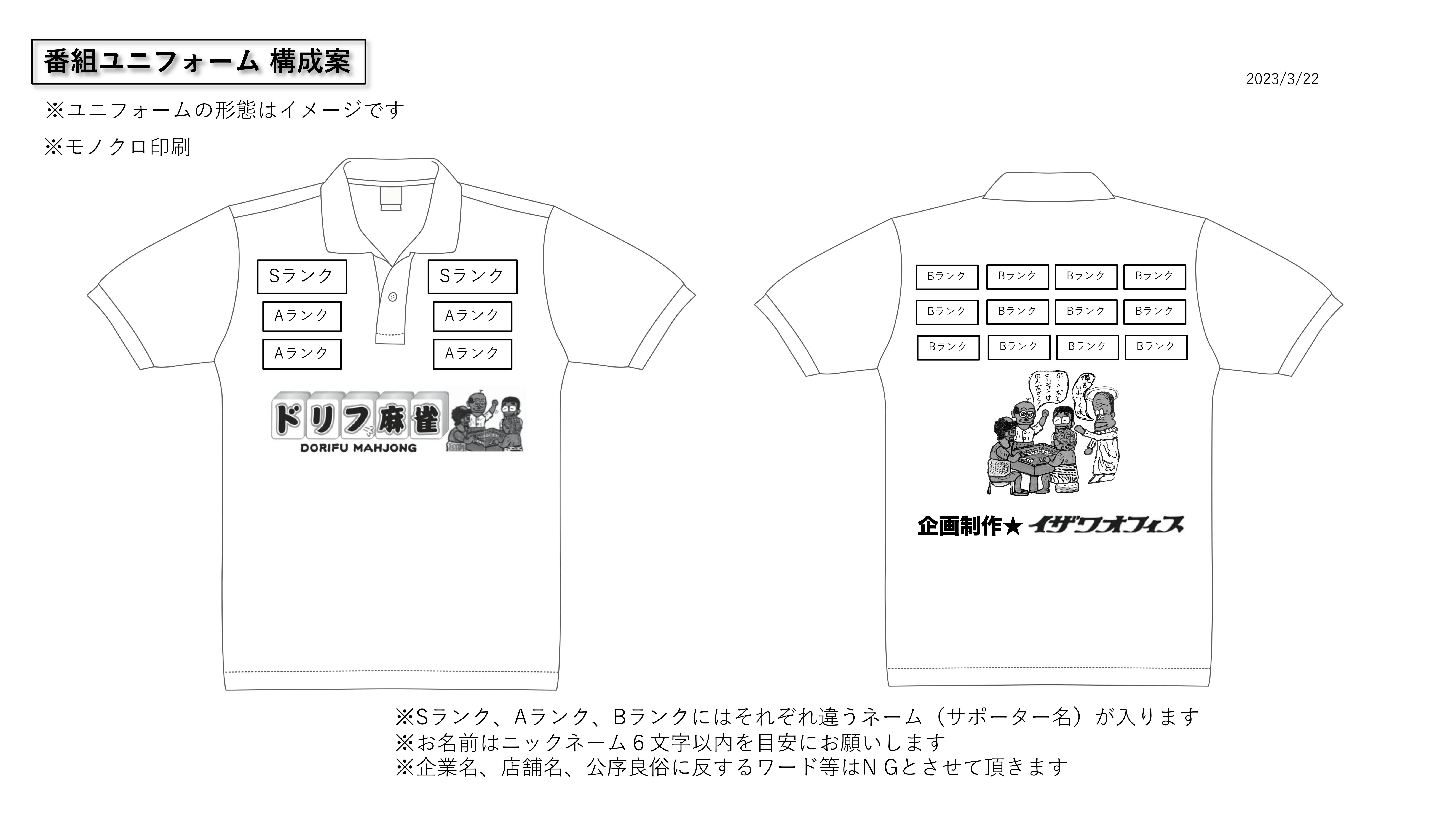 私たちは、サポート頂く皆様とドリフメンバーとの繋がりを視覚的に表現するため、「ドリフ麻雀」動画内で加藤茶と高木ブーが着用する特注ユニフォームを作成しました。私たちがご提案するプランは、主にユニフォームへのお名前の掲出と露出、加藤茶&高木ブーのサイン入りユニフォームのご提供などです。
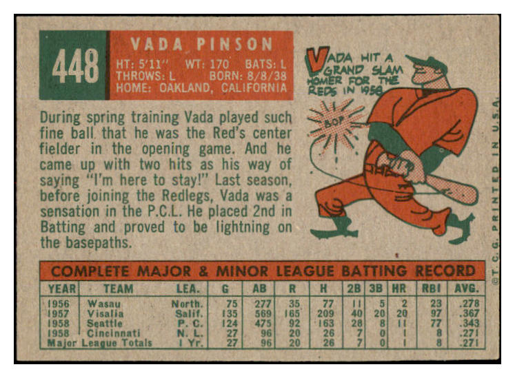 1959 Topps Baseball #448 Vada Pinson Reds EX-MT 524332
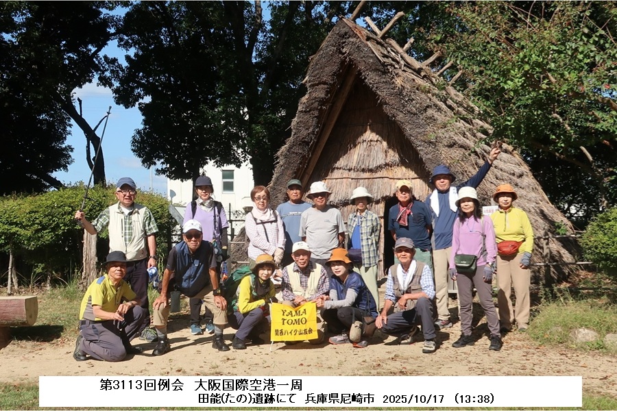 行程:大阪空港駅10:00~05(大阪モノレール)千里川沿11:10―飛行機降下見学場所11:25~40―田能遺跡11:50(昼食)13:30―伊丹スカイパーク14:10~30―エアフロント・オアシス下河原15:45~16:00
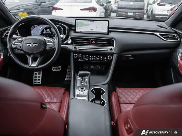 Step into a world of refined power and sophistication with the 2024 Genesis G70 3.3T Sport. This used luxury vehicle with its striking silver exterior and bold red Nappa leather interior is designed for those who appreciate the finer things in life. The 3.3L 6-cylinder engine paired with an 8-speed automatic transmission delivers an exhilarating drive while the all-wheel-drive system ensures confidence in any condition.
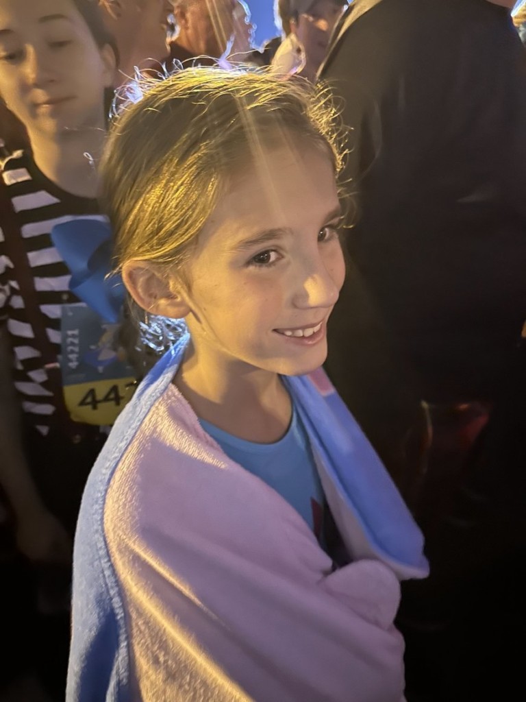 We rounded the corner, and I told her she did it, I could see the finish line! She started running faster and faster, and threw her arms up as she crossed. I was so proud, and the look on her face just gets me every single time.
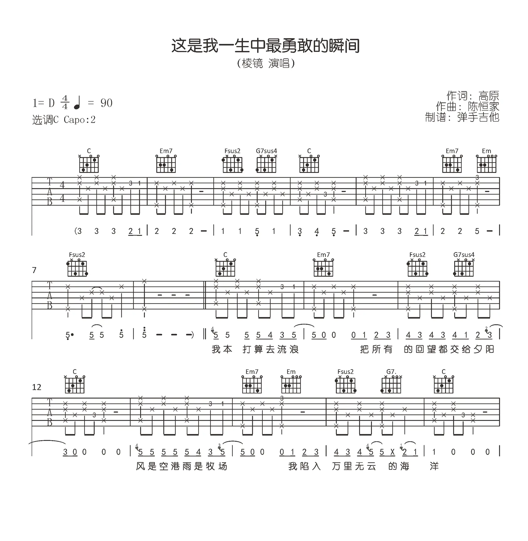 《这是我一生中最勇敢的瞬间》吉他谱_棱镜_C调弹唱谱_六线谱_图片谱
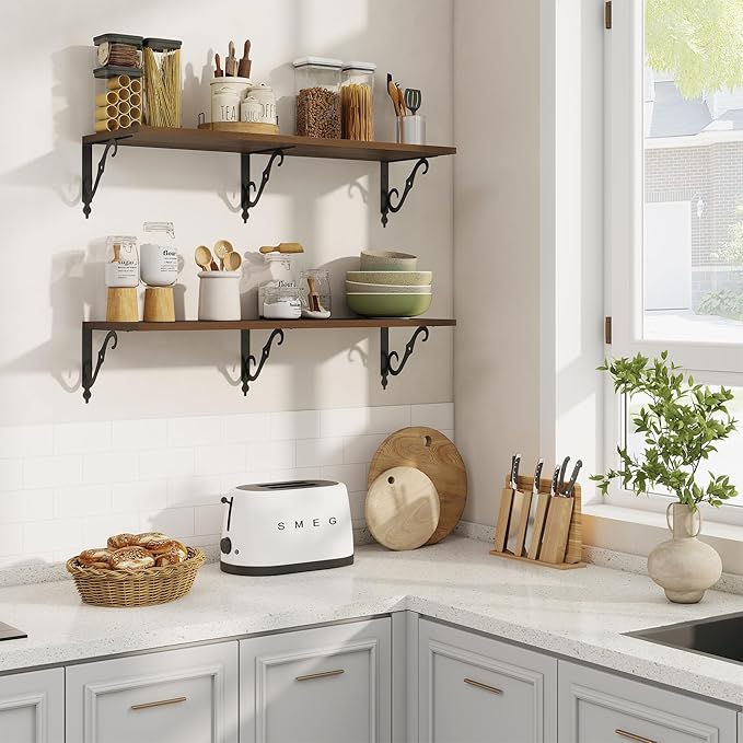 - Suitable for All Occasions: The floating shelves are designed for storage and decoration, wall-mounted shelves are ideal accent for any room - from keeping seasoning, plates, spices bottles in a kitchen area to holding books, collection, globe, photo frame, small plants and trophies in a living room, office, study or organizing hand towels and toiletries in a bathroom
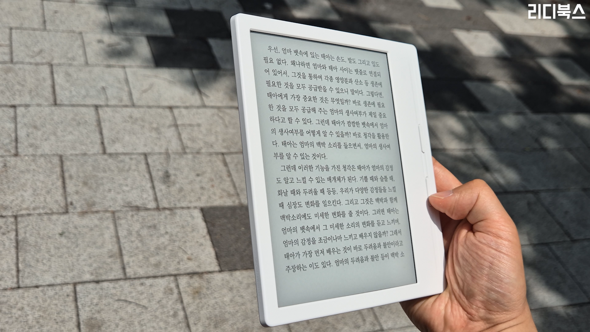 리디북스 앱을 실행시켜서 책을 하나 열어볼게요 마스에 프론트 라이트 밝기가 최대로 되어 있어서 책과 다른 이질감이 느껴지는데요
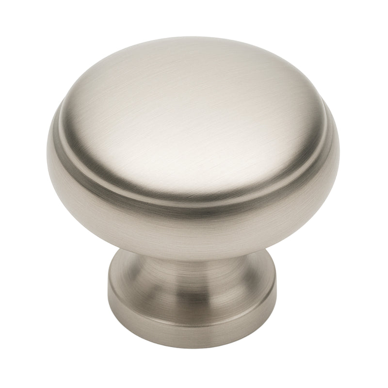 The Cosmas 1438SN is a classic round knob satin nickel cabinet knob that is perfect for any home interior design. The surprisingly heavy cabinet knob is solid metal and features a subtle beveled lip which gives the hardware a nice, understated design. The projection of the knob allows for ample room to easily grasp the handle, while the round base sits flush to the cabinet, furniture or vanity. The simplicity of this quintessential cabinet knob means that it effortlessly coordinates with most Cosmas in the satin nickel finish.
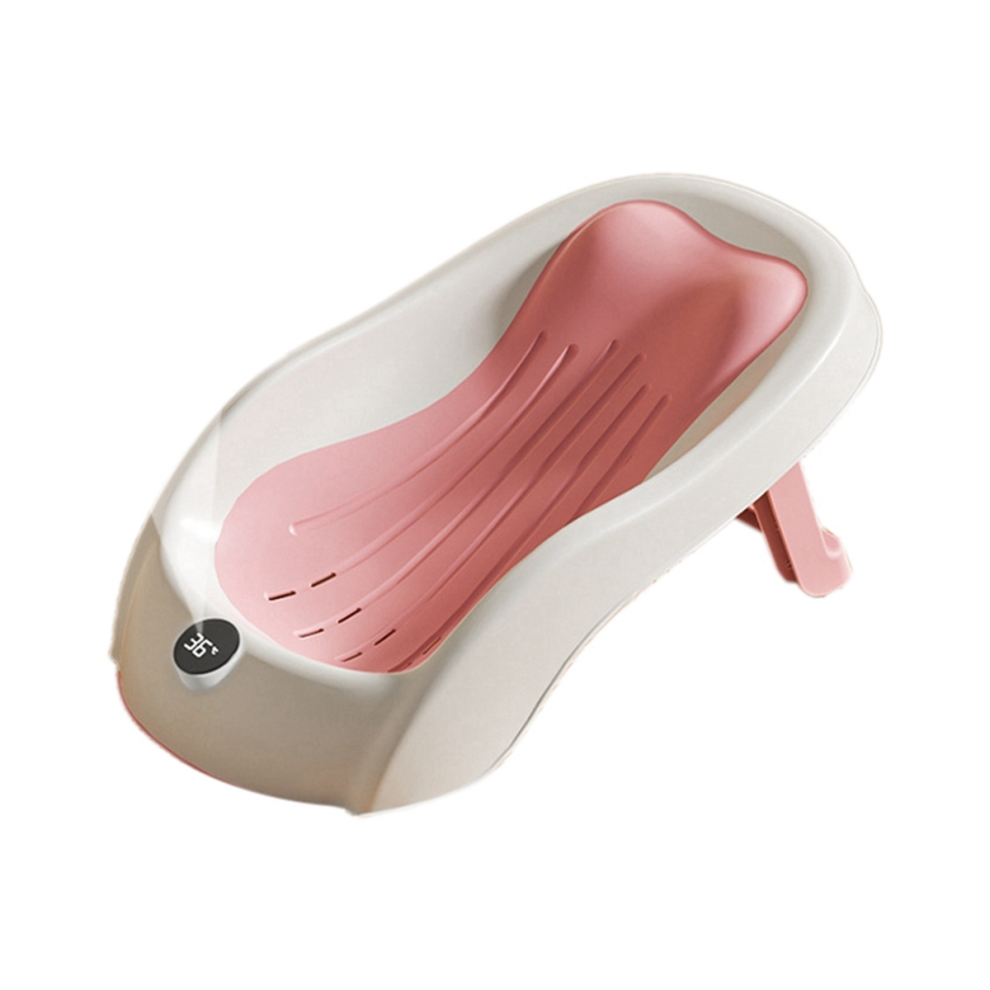 Foldable Baby Bath Support With Thermometer Slip Resistant Ergonomic Infant Bath
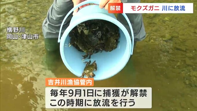 放流されたうち、捕獲されなかったモクズガニは川を下り、11月から12月にかけて河口で産卵をするということです。
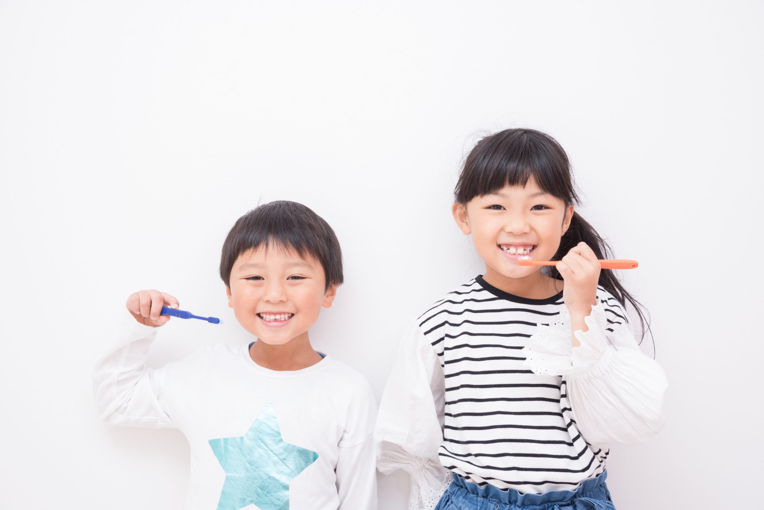 お子様の歯を守るために最も重要なのは、毎日の歯磨きです。小学校低学年までは、お子様が自分で磨いた後、必ず保護者様が仕上げ磨きをしてください。特に、奥歯の噛む面、歯と歯の間、歯と歯ぐきの境目は、磨き残しが多い部分ですので、丁寧に磨きましょう。
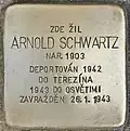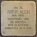 ARTUR KLEIN BORN 1906 DEPORTED 1942 TO THERESIENSTADT 1943 TO AUSCHWITZ MURDERED 20 January 1943 |
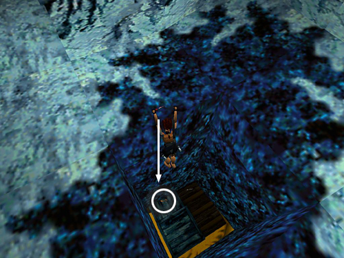 NOTE: In the PS1 version, attempting to safety drop off the edge results in Lara getting skewered on the broken glass. So you'll need to walk to the edge and jump forward instead. Lara will take a small amount of damage from the glass, but she'll survive.
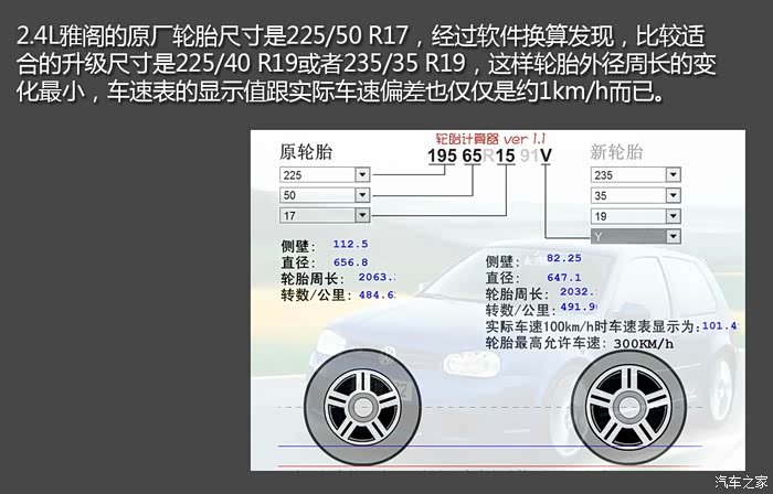 首先要确定的是轮胎尺寸,一般来说工程师们建议轮胎升级之后外径周长变化应在+1.6%~-2%之间,以保证车速表的显示准确。网上有不少轮胎尺寸升级计算软件,可以直接显示轮胎周长以及车速表数值的变化情况。
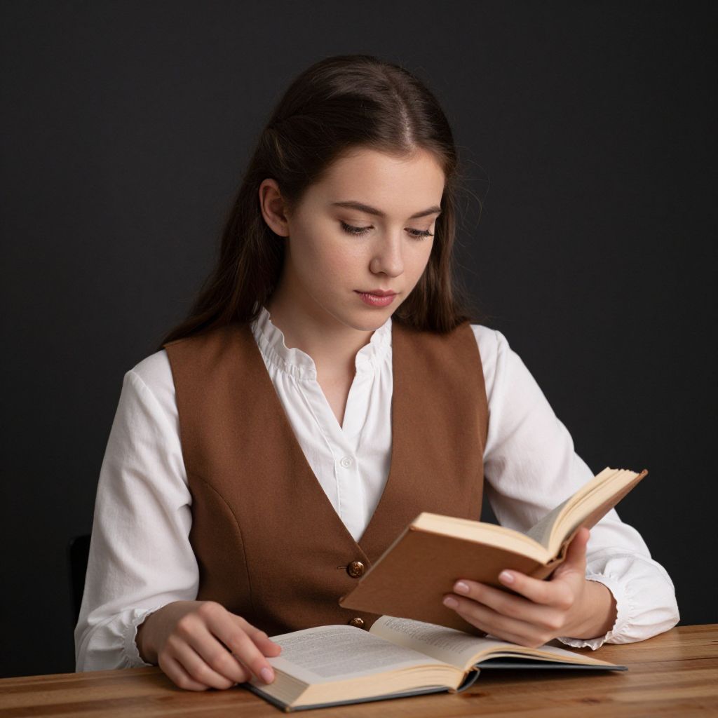 Young woman seated at a wooden table, dressed in a brown vest over a white blouse with ruffled collar, intently reading an open book held in her right hand while her left hand rests on the table, set against a dark background.
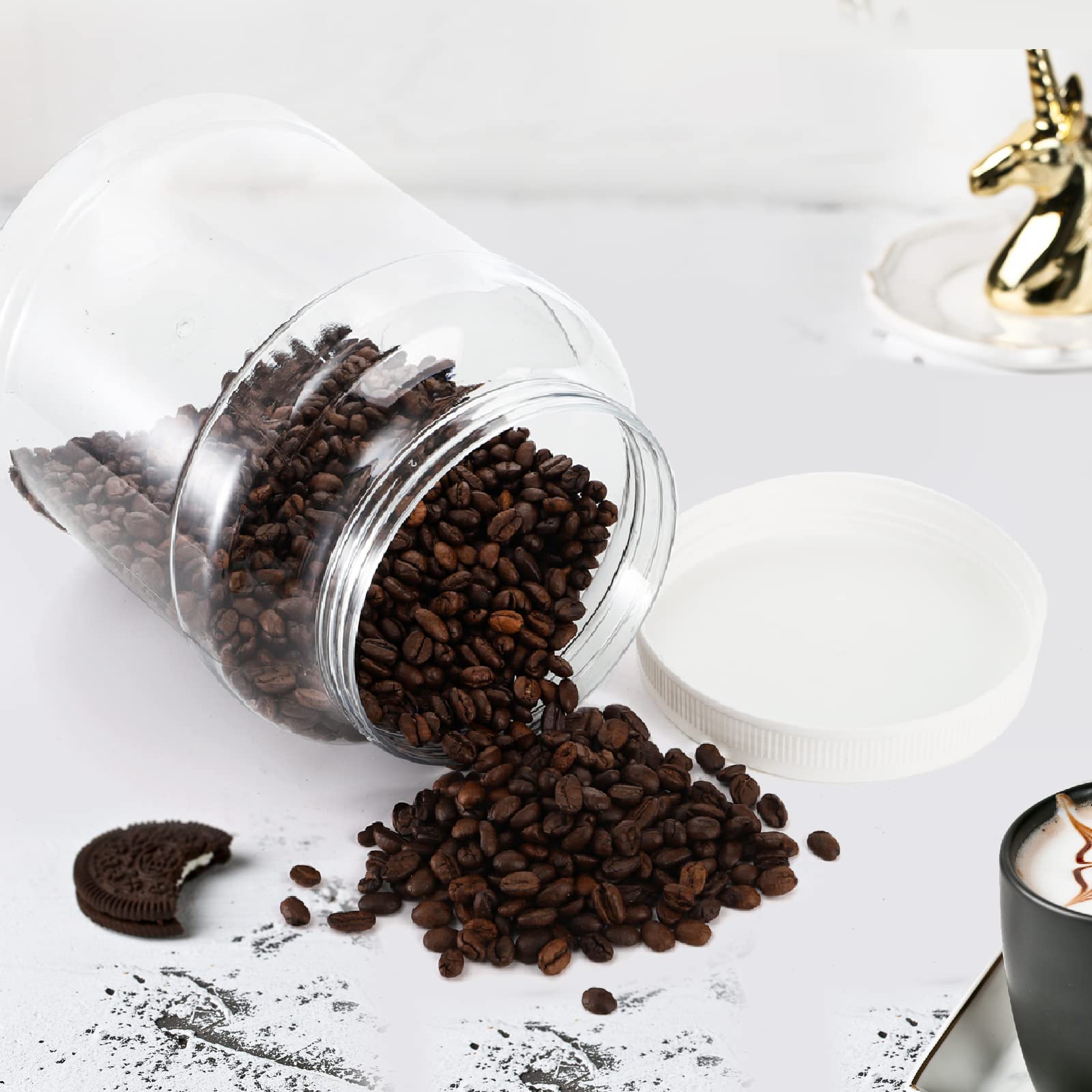 Multi-purpose:Okllen plastic jars with lids are great for grouping goods in your home, kitchen, garage, or bathroom, ideal for salt, cookies, grains, legumes, gel, serum, putty, hair care products, creams or paint, nails, screws, and more, also perfect gifts for mom, wife.
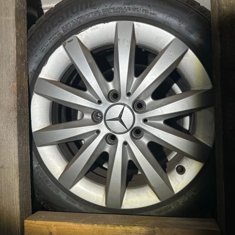Hjulene står og skal afhentes ved Lysdahl Simonsen i Silkeborg.
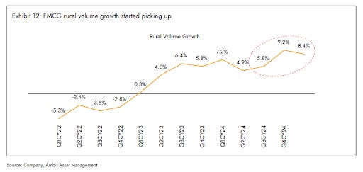 FMCG companies like HUL and Dabur, which saw weak rural demand in FY22–23, are reporting some recovery as consumers move back to larger packs. Rural housing construction is also showing signs of life, helped by easing input costs.
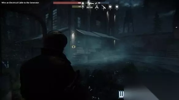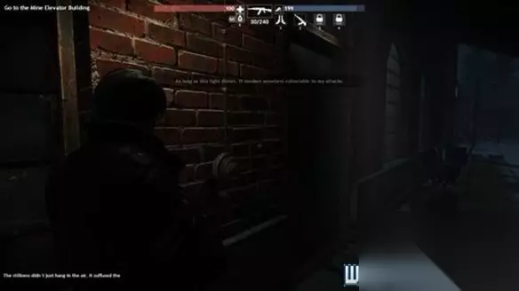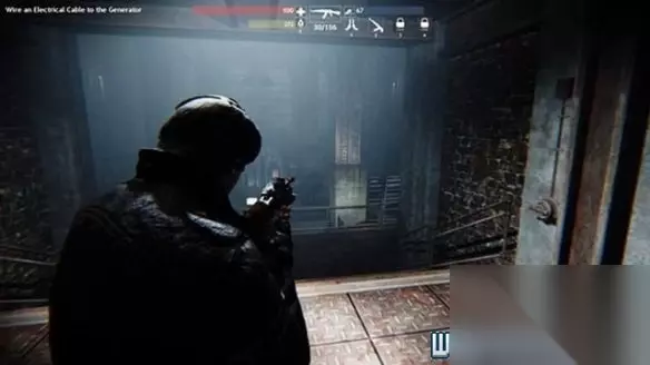 进入工厂后,可以看到这个有边框的物品,靠近之后在旁边很容易就能找到灯的开关。 打开灯以后拿到线圈,赶紧出去

-----

Task statement:
Please return only the lines from the top of the data through the line with "行程:大阪空港駅10:00~", exactly as written, and drop every picture.

Output below:
 私たちは、サポート頂く皆様とドリフメンバーとの繋がりを視覚的に表現するため、「ドリフ麻雀」動画内で加藤茶と高木ブーが着用する特注ユニフォームを作成しました。私たちがご提案するプランは、主にユニフォームへのお名前の掲出と露出、加藤茶&高木ブーのサイン入りユニフォームのご提供などです。
 1959 Topps Baseball #448 Vada Pinson Reds EX-MT 524332
 行程:大阪空港駅10:00~05(大阪モノレール)千里川沿11:10―飛行機降下見学場所11:25~40―田能遺跡11:50(昼食)13:30―伊丹スカイパーク14:10~30―エアフロント・オアシス下河原15:45~16:00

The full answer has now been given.